TASK ::
Output every entry exactly as written, but omit the pictures.

*** EXCERPTED DATA ***

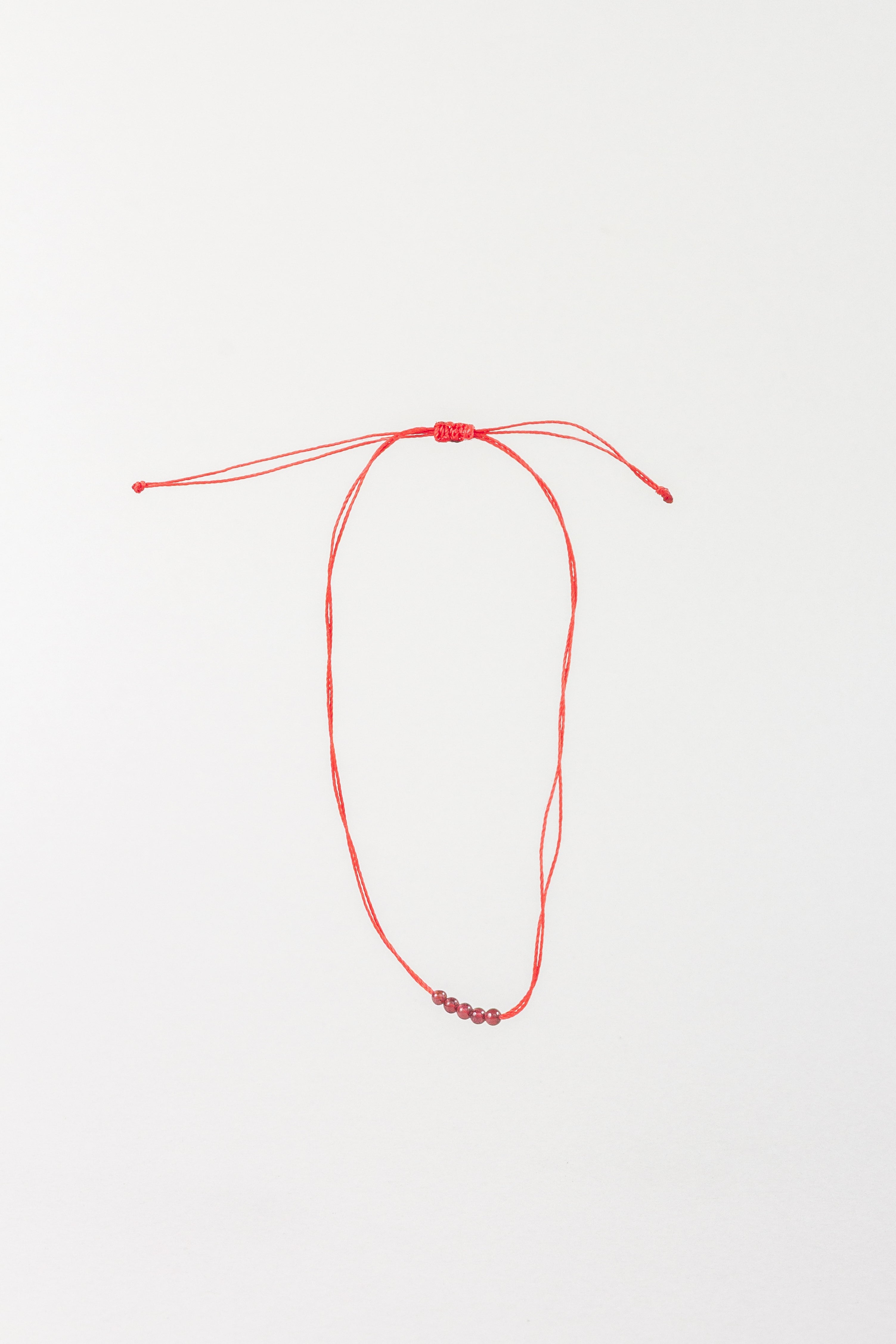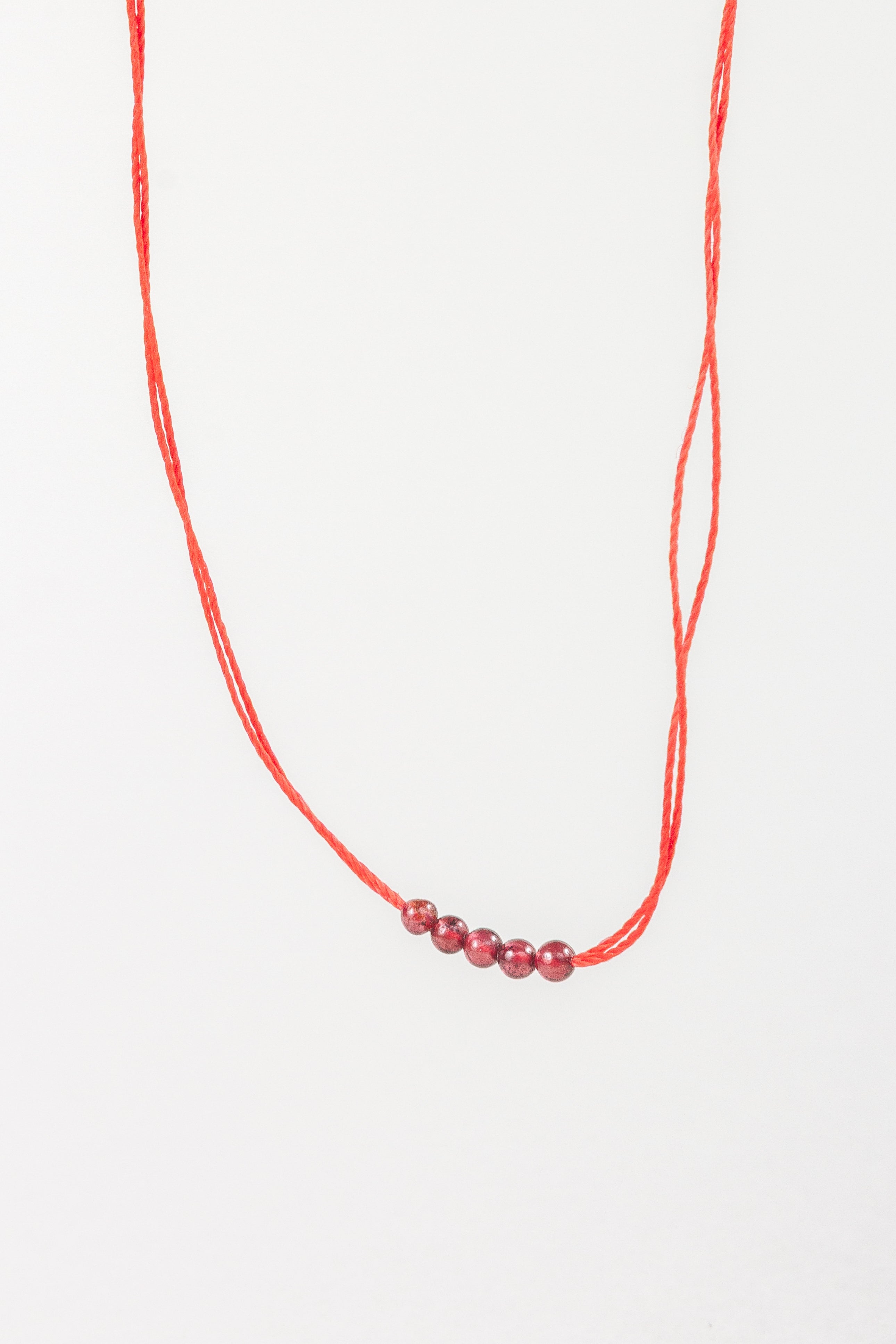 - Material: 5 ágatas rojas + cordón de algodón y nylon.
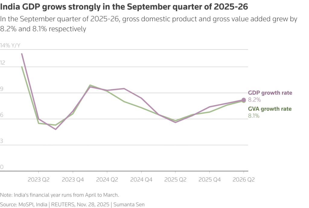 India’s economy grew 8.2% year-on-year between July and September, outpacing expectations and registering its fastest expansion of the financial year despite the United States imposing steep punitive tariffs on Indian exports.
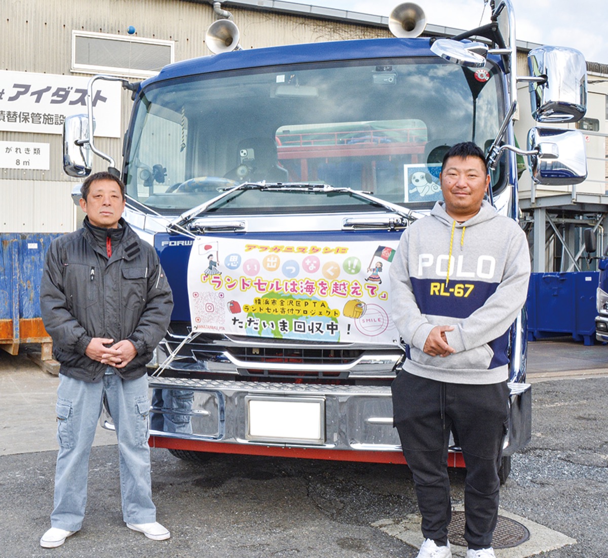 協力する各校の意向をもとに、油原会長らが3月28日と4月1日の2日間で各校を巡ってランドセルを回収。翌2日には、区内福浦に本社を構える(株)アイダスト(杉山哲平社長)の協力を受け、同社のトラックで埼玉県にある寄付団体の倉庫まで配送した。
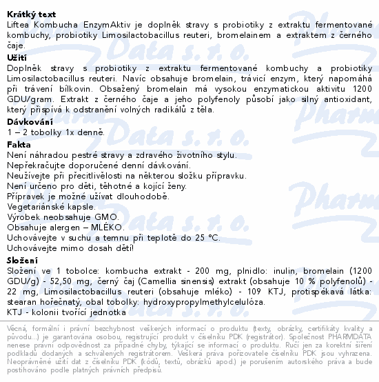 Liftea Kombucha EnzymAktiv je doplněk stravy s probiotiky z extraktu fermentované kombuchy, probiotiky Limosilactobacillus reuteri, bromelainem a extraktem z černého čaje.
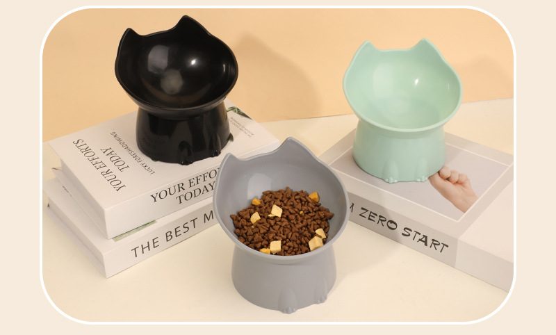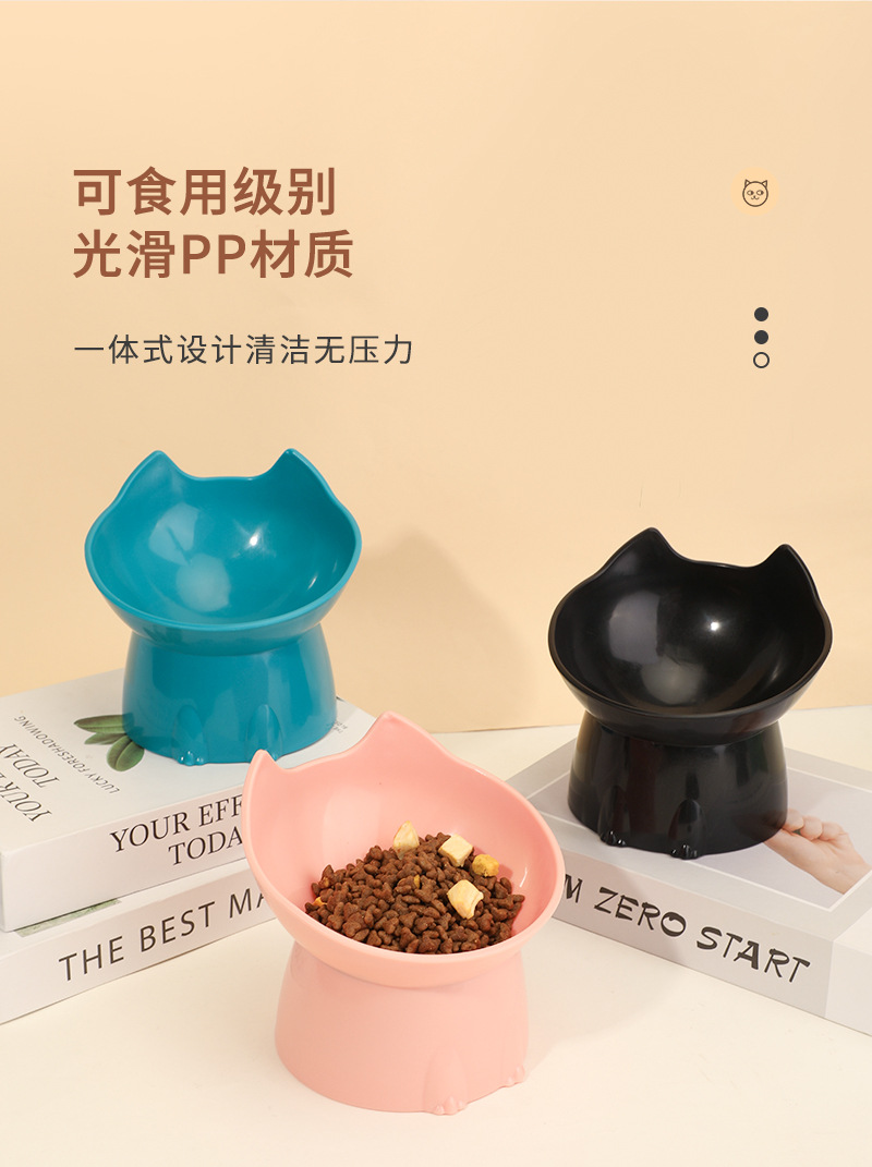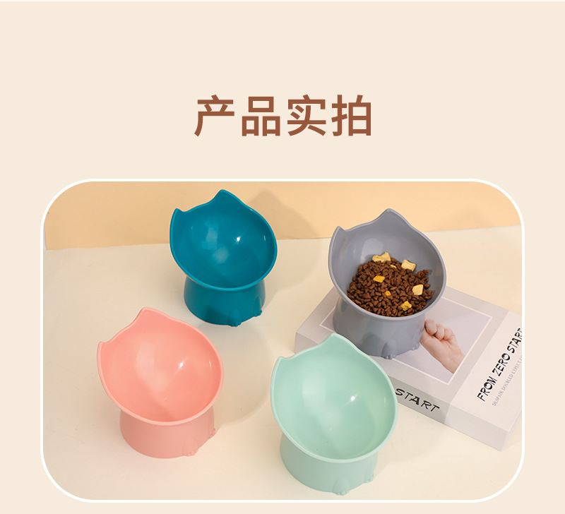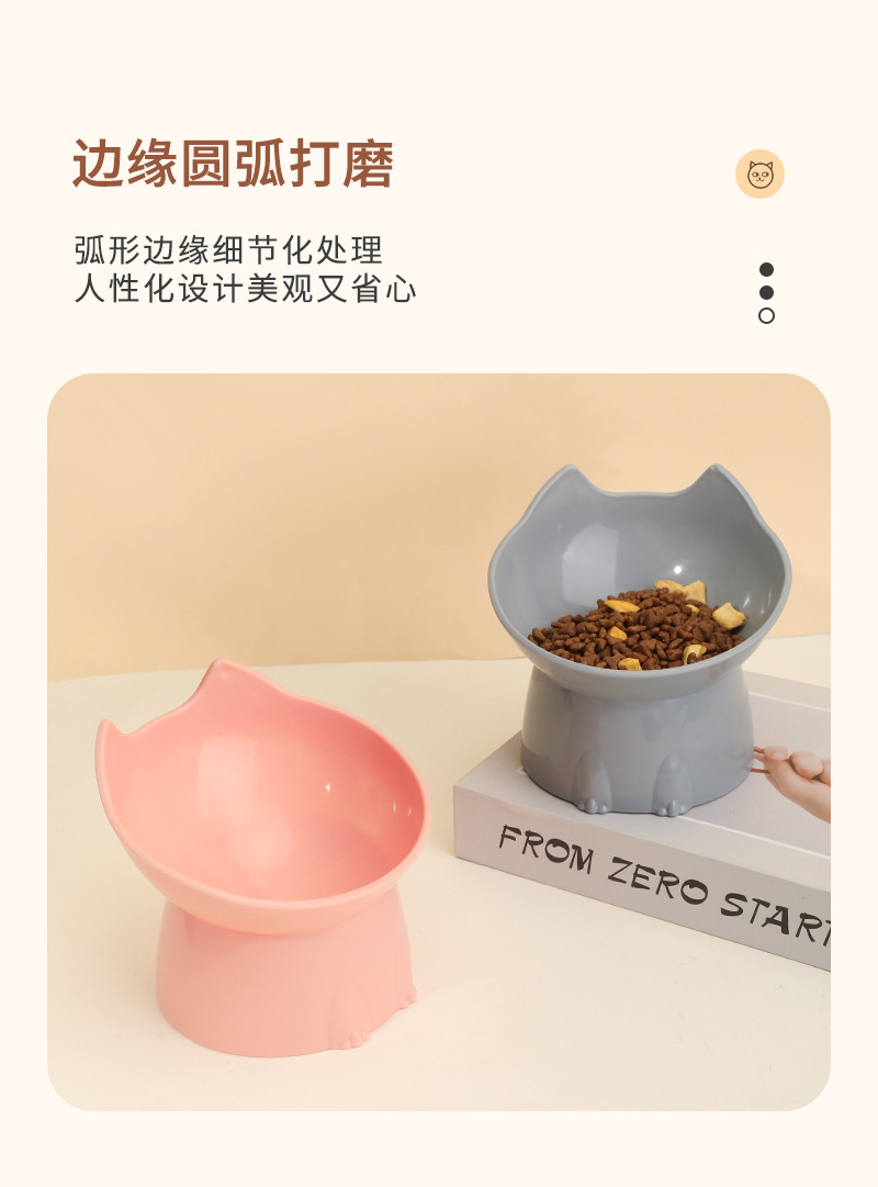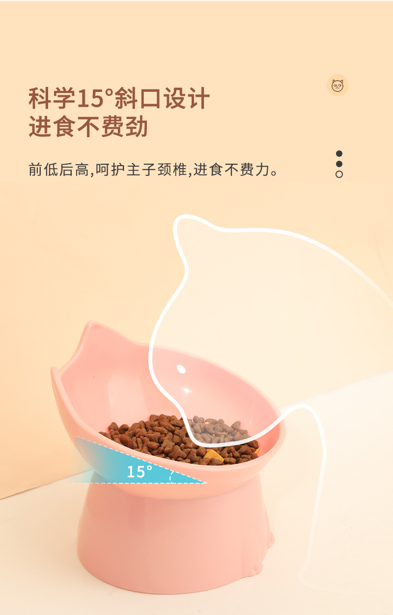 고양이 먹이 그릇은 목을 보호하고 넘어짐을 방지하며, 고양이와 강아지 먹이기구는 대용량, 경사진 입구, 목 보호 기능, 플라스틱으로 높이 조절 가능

*** End of EXCERPTED DATA ***

EXERCISE SOLUTION ::
 - Material: 5 ágatas rojas + cordón de algodón y nylon.
 India’s economy grew 8.2% year-on-year between July and September, outpacing expectations and registering its fastest expansion of the financial year despite the United States imposing steep punitive tariffs on Indian exports.
 協力する各校の意向をもとに、油原会長らが3月28日と4月1日の2日間で各校を巡ってランドセルを回収。翌2日には、区内福浦に本社を構える(株)アイダスト(杉山哲平社長)の協力を受け、同社のトラックで埼玉県にある寄付団体の倉庫まで配送した。
 Liftea Kombucha EnzymAktiv je doplněk stravy s probiotiky z extraktu fermentované kombuchy, probiotiky Limosilactobacillus reuteri, bromelainem a extraktem z černého čaje.
 고양이 먹이 그릇은 목을 보호하고 넘어짐을 방지하며, 고양이와 강아지 먹이기구는 대용량, 경사진 입구, 목 보호 기능, 플라스틱으로 높이 조절 가능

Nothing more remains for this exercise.